High Availability
PaperTrail support 4 distinct modes of HA operation:
- Replication
- Clustering
- Cold/Warm Standby
Master Node
Whether using replication or clustering, which node is configured as master will matter is it is responsible for running a number of background jobs including:
- workflow and allocation timeouts
- scheduled rules
- out of office start/end
- diarize start
- reminders
Should the master fail, a new master needs to be configured.
Email and Folder watches are configured per server/node so that load can be manually balanced, should a node fail, then the watches that were configured for it will need to be manually moved.
File Replication
PaperTrail has a builtin file replication engine that supports both master-master and master-slave it is configued by specifying:
file.replication.upstream=http://slave:8080
In the background this configures 2 File/Blob stores:
- A sync local filesystem store (only a single sync store is supported and is considered the primary)

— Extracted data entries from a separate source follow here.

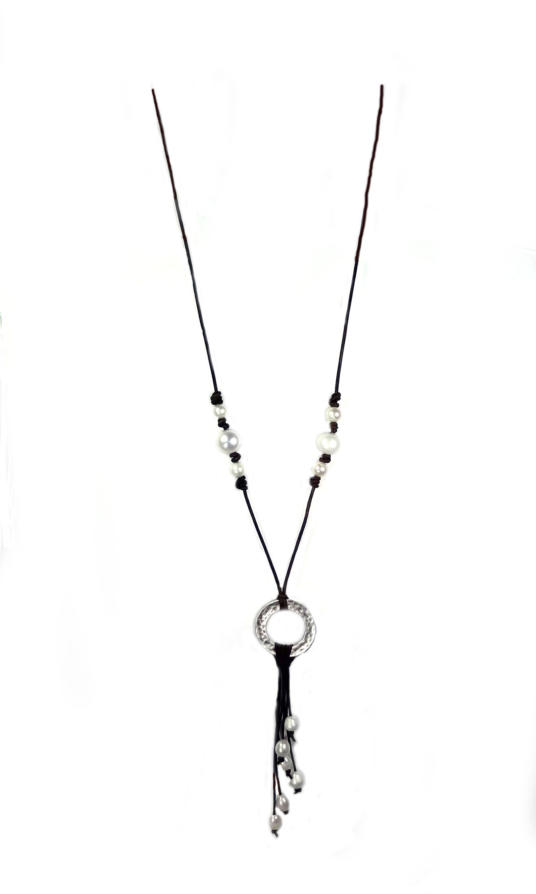 You will fall in love with this leather and pearl necklace with cascading pearls. The necklace is made with brown 2mm leather cording with pearls. A circular silver plated pendant is attached with cascading pearls. A sliding closure makes the necklace adjustable from 24 inches to 34 inches to the pendant. The cascading pearls are 6 inches long. So the necklace can range from 30 inches to 40 inches long. This necklace is a classic.
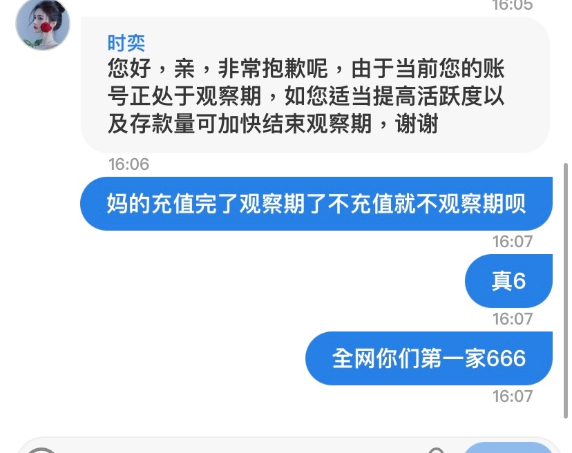 没充值之前一点事没有充值完说我账号被观察期了虽然没被黑但是有点气
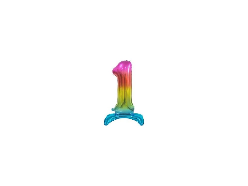 Balón foliový číslice DUHOVÁ na podstavci , 74 cm - 1
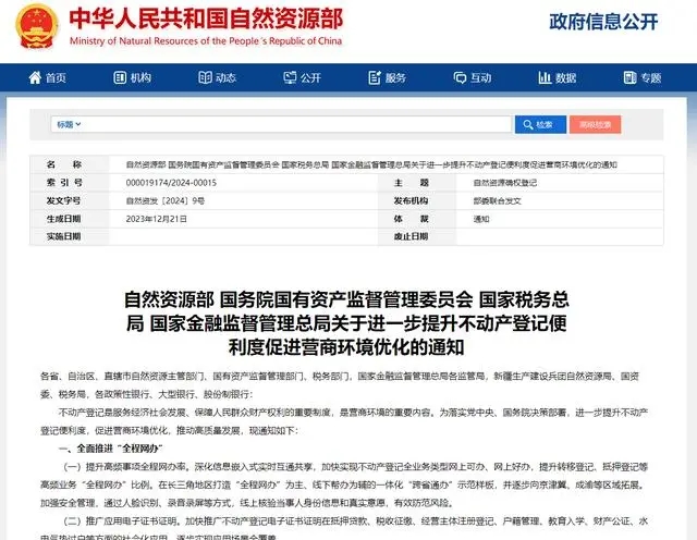 自然資源部等四部門:全面推進不動產登記“全程網(wǎng)辦”
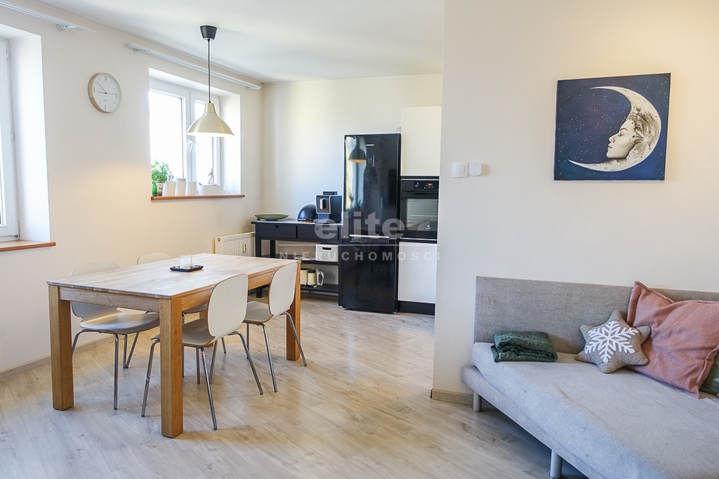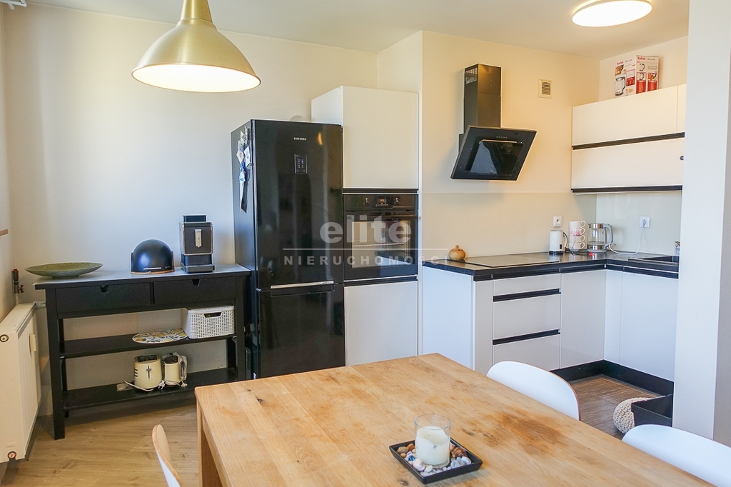 Kuchnia ma własne okno i można wrócić do poprzedniego układu stawiając ściankę. Kuchnia umeblowana i urządzona. Zabudowa meblowa biała, nowoczesna, sprzęt AGD: zmywarka, płyta indukcyjna, piekarnik elektryczny wbudowany, zlewozmywak jednokomorowy, pochłaniacz, lodówka wolno stojąca.
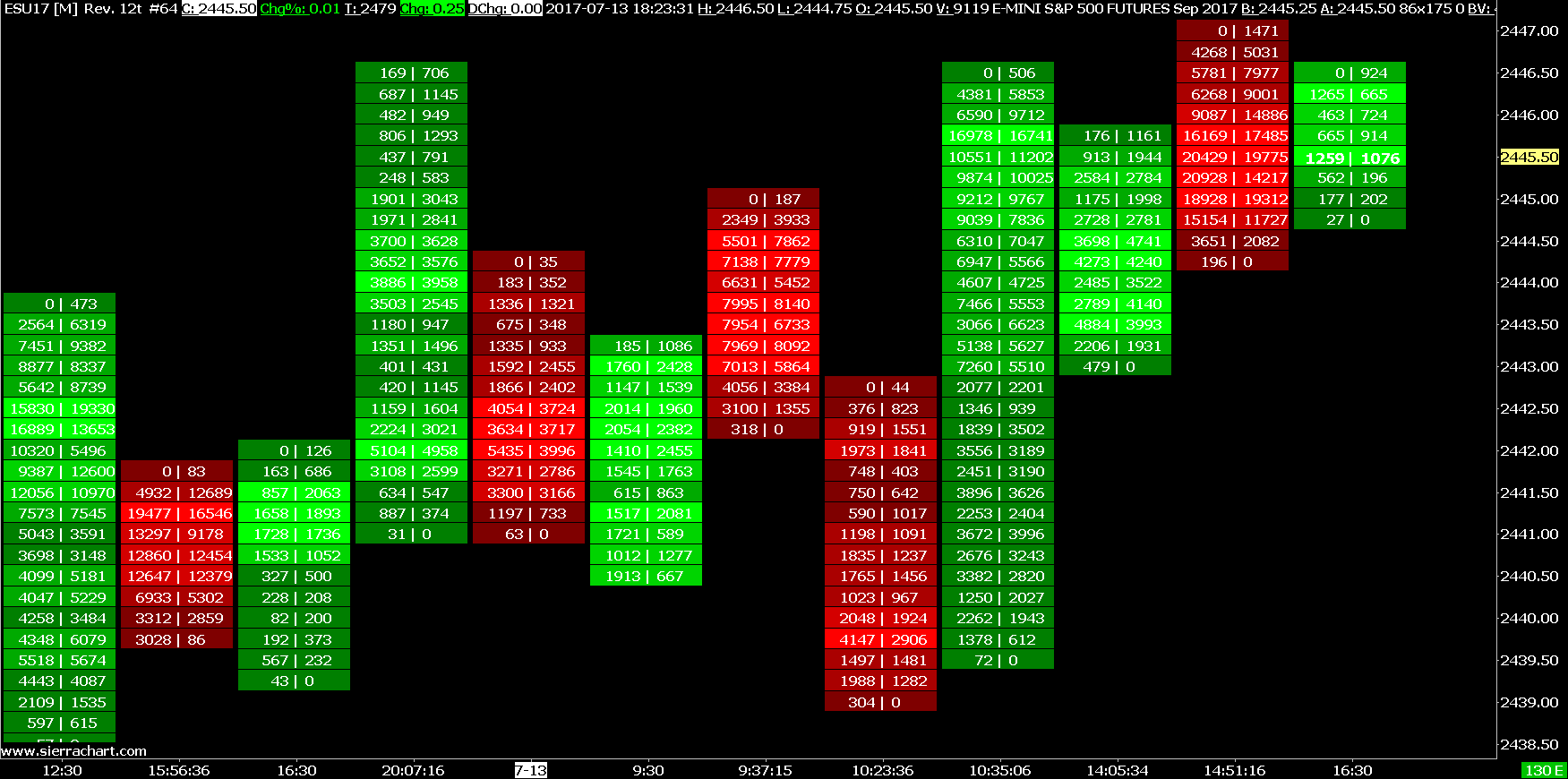 You need to set Sierra Chart to a tick by tick data configuration. Refer to: Tick by Tick Data Configuration This is what we see: http://www.sierrachart.com/image.php?Image=1499984622854.png Sierra Chart Support - Engineering Level Your definitive source for support. Other responses are from users. Try to keep your questions brief and to the point. Be aware of support policy: https://www.sierrachart.com/index.php?l=PostingInformation.php#GeneralInformation For the most reliable, advanced, and zero cost futures order routing, *change* to the Teton service: Sierra Chart Teton Futures Order Routing Date Time Of Last Edit: 2017-07-14 02:19:08
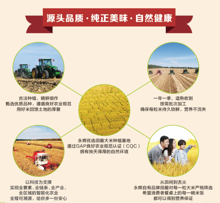為了保障大米的高品質(zhì),田趣圍繞大米消費(fèi)升級(jí),推動(dòng)了品種定制、基地定制、生產(chǎn)定制的供應(yīng)鏈升級(jí)建設(shè)工作。從東北糧倉到魚米江南,精心挑選南北兩大黃金水稻帶,田趣深入產(chǎn)地源頭開發(fā),優(yōu)中選優(yōu),通過真正的訂單農(nóng)業(yè)模式實(shí)現(xiàn)了永輝優(yōu)選田趣大米品質(zhì)的飛躍。
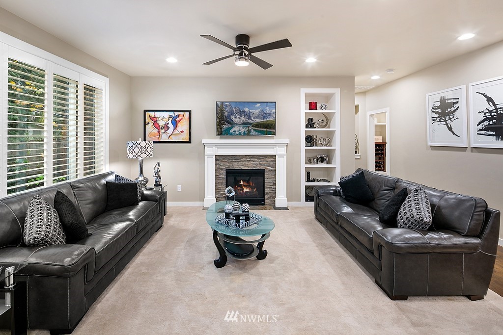 This one is a CREAM PUFF! Just in time for the holidays- Comfort & modern elegance in this immaculate setting for relaxing & entertaining. Host in style in the elegant formal dining & living rooms. Chef’s kitchen with Thermador stove, granite counters, unique center island, large pantry, wide plank hardwoods & luxury carpets, The Family room boasts gas fireplace & built-ins. Guest bed & ¾ bath on main. Dramatic staircase to private bedroom suite & extra finished rm. The primary bed is the ultimate retreat with a spa-like bath. Covered outdoor NW living space with an orb chandelier; stone patio, built-in firepit, & professionally landscaped. Shutter window treatments, AC, generator hook-up, designer front door, & large. 3-car tandem garage.
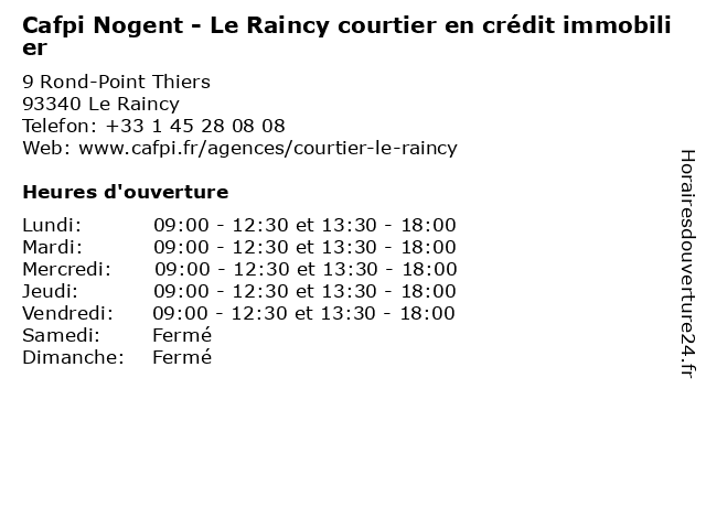 | Mercredi | 09:00-12:30 et 13:30-18:00 |
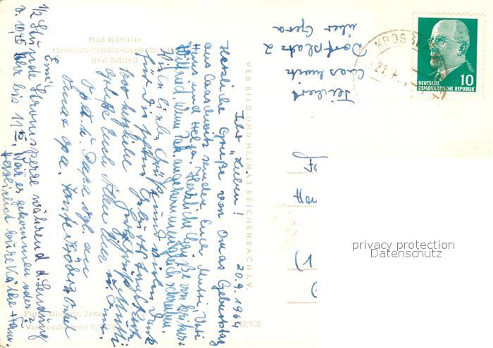 73035846 alte Postkarte Bad Koestritz Heinrich Schuetz Gedenkstaette Schloss postalisch gelaufen Erhaltung siehe scans [KathaD81] KatCode: 11110016076003
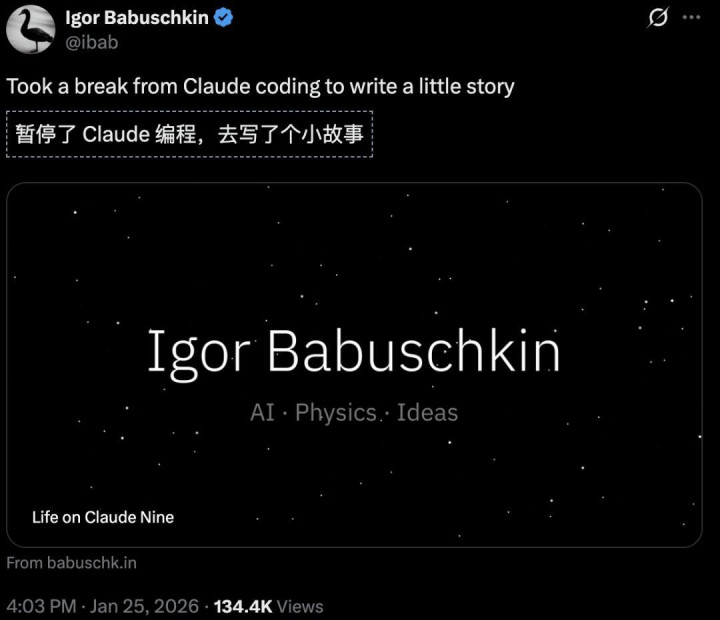 昨日凌晨4点,Igor Babuschkin从Claude编程中,稍事休息,写了一个小故事,一个科幻故事——《Life on Claude Nine》。
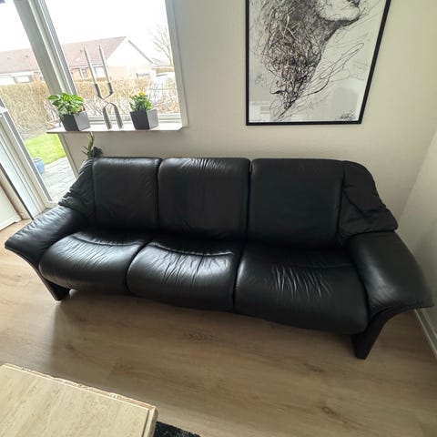 Se her - hvem kommer først - Stresless sofagruppe i sort læder
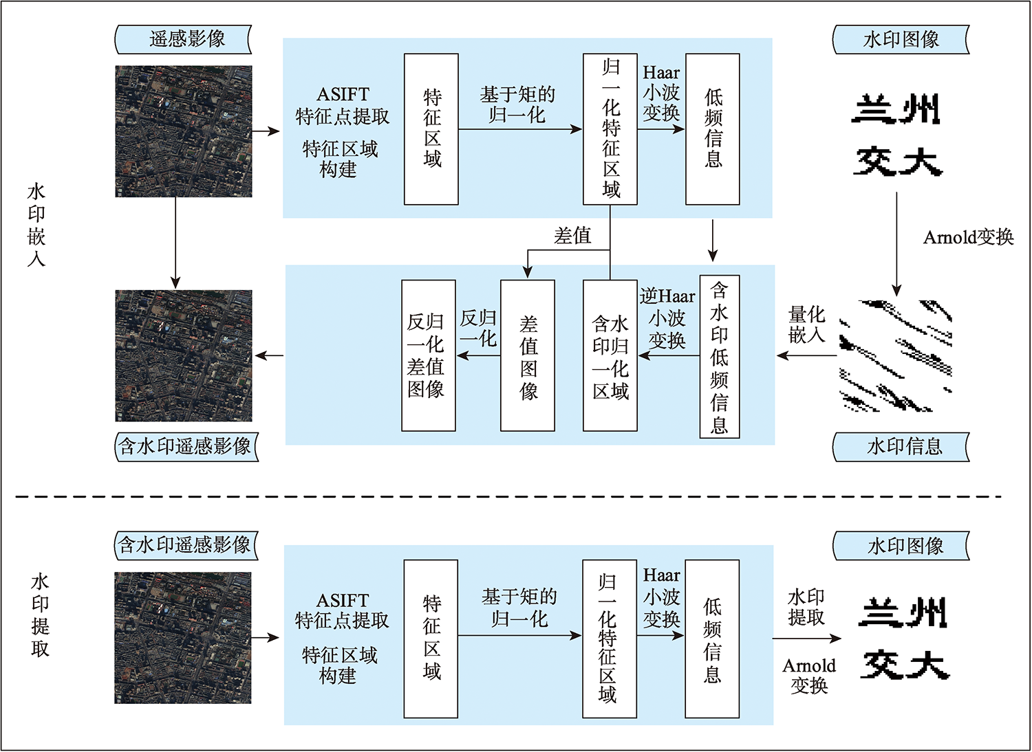 针对遥感影像使用过程中,含水印影像经过仿射变换后水印与影像的同步性被破坏,导致水印无法正常检测的问题,本文提出了一种适用于遥感影像的抗仿射变换盲水印算法。首先通过ASIFT算法提取影像具有仿射不变性的特征点,根据特征尺度的大小与特征点间的欧式距离筛选适量特征点,构造对应的正方形特征区域;然后通过计算特征区域的仿射不变矩得出归一化变换函数的参数,对特征区域进行归一化处理,并以归一化特征区域的不变质心为中心提取子区域作为水印嵌入区域,对该区域进行二级离散小波变换,得到水印嵌入区域的低频信息;运用量化嵌入规则将水印嵌入到低频信息中,依次进行低频信息逆小波变换,水印嵌入前后特征区域差值图像反归一化,最后将反归一化差值图像叠加在原始影像特征区域上,完成水印的嵌入。实验选用了3000像素×3000像素的高分二号遥感影像作为载体影像,含版权信息的二值图像作为水印,实验表明:含水印的遥感影像经过旋转、平移、缩放在内的仿射变换后,仍能准确提取水印信息;算法可有效抵抗加噪、滤波、裁剪等常规水印攻击,攻击后影像提取的水印与原水印相关系数均高于0.9;水印具有良好不可感知性;在水印提取时无需原始遥感影像,属于盲水印算法。
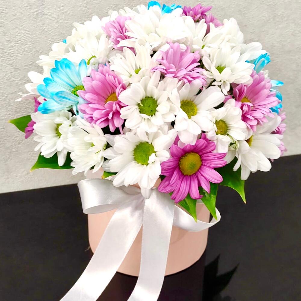 Яркая цветочная композиция из ромашковой хризантемы придает букету особую свежесть и изысканный шарм.
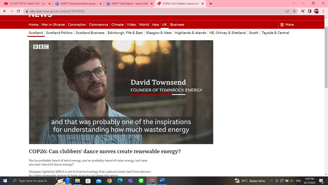 BBC News (2564) COP26: Can clubbers' dance moves create renewable energy? , สบคนเมอ วนท 4 เมษายน พ.ศ.2566, ทมา : https://www.bbc.com/news/av/uk-scotland-59194559
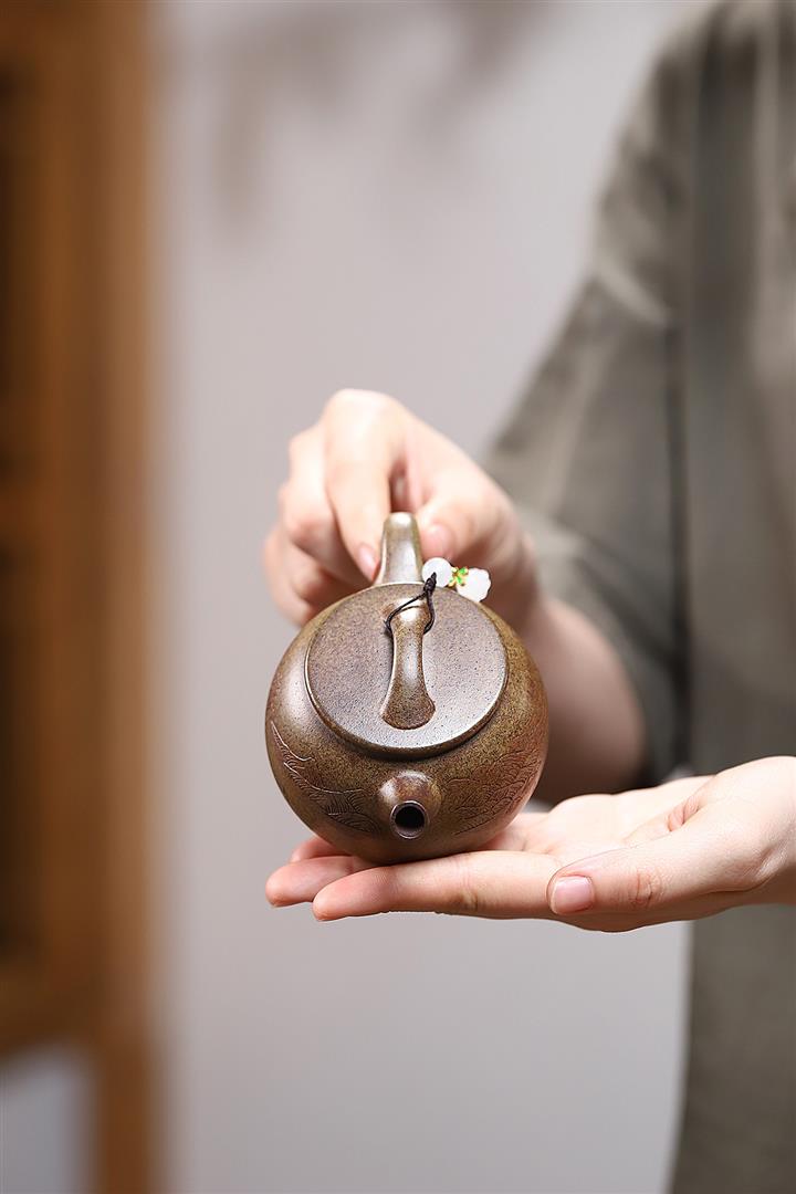 【作品介紹】此款壺形線條流暢,壺把,壺嘴,壺身壹氣呵成栩栩如生,是收藏把玩的好壺,泥料色澤古樸典雅,日久使用,漸露鋒芒,養成變化快,溫潤莊重,用其泡茶,使用的年代久,壺身就溫潤,泡出來的茶湯也就醇郁芳馨。

- An async persistent sencondary store
Async stores fully support intermittent WAN connections and will retry all operations. All operations are queued under the
{store name}.write
and{store name}.delete
message queues
Their are 2 alternatives to full replication of files:
- configure the slave or secondary members to read/write files from the master using a HTTP store as the primary sync store. It is recommended to enable WORM (Write once read many) on secondary nodes
- Use an object storage platform like Amazon S3 and have all members use it as the primary
PaperTrail needs low latency access to the primary sync file store so if you are using Amazon S3 ensure that PaperTrail is hosted in the same AWS region as the S3 bucket.
Index Replication
Specifing a slave server for index.upstream
will only work for 2 node clusters, for 2+ nodes switch to messaging based replication using:
index.upstream=topic
It is recommended in both scenarios to setup a scheduled index_repair
task.
Replication
To convert a standalone installation to a replicated installation, follow these steps:
- Stop PaperTrail and create a database backup.
- Configure the following properties in papertrail.properties on the master
index.upstream=http://slave:8080
replication.upstream=http://slave:8080
file.replication.upstream=http://slave:8080
replication.master=true
replication.increment=2
replication.offset=1
db.identity.override=true # for sql server replication only (maybe?)
- Configure these properties on the slave:
index.upstream=http://master:8080
replication.upstream=http://master:8080
file.replication.upstream=http://master:8080
replication.master=false
replication.increment=2
replication.offset=2
db.identity.override=true # for sql server replication only (maybe?)
- Start up the master
- Wait a few minutes and start up the slave
When setup, the Messages table (Services > Messages) will show:
store.write.replication
relates to the document on disk replication (master and slave maintain diferent numbers based on where the document was imported).
IndexReplicator.replicate
relates to the index replication (master and slave maintain diferent numbers based on where the index was updated).
Note: Should the Master fail, the Slave needs to be reconfigured with replication.master=true
to allow it to run as the Master Node and execute the background jobs as described above. The index.upstream
, replication.upstream
, file.replication.upstream
should be hashed out. replication.increment
and replication.offset
should be left in place.
Once the Master server is back online, then the Slave DB and Repository will need to be replicated back to the Master server (with PaperTrail offline on both to get them both in the same static state). Then the replication properties can be added back with only one replication.master
set to true.
Vice-versa should the Slave fail.
Clustering
Note: Clustering requires a low latency (<1ms), reliable (preferably dual path redundant network) network connection to function correctly. Replication can be used in WAN environments.
- Ensure that port
5701
is open for inbound traffic from all cluster members to all cluster members. See Hazelcast Ports - Add these properties to the papertrail.properties
index.upstream=http://slave:8080 cluster.enable=true file.replication.upstream=http://slave:8080
- Restart PaperTrail.
Shared DB vs Replication DB
Cold Standby
Indexes are not replicated and PaperTrail is only started in file store replication receive mode. Failover requires re-configuration of PaperTrail for full operation + rebuilding indexes.
Warm Standby
Everything is replicated in near realtime, and PaperTrail is started in read only mode. Failover requires restarting PaperTrail in read/write mode.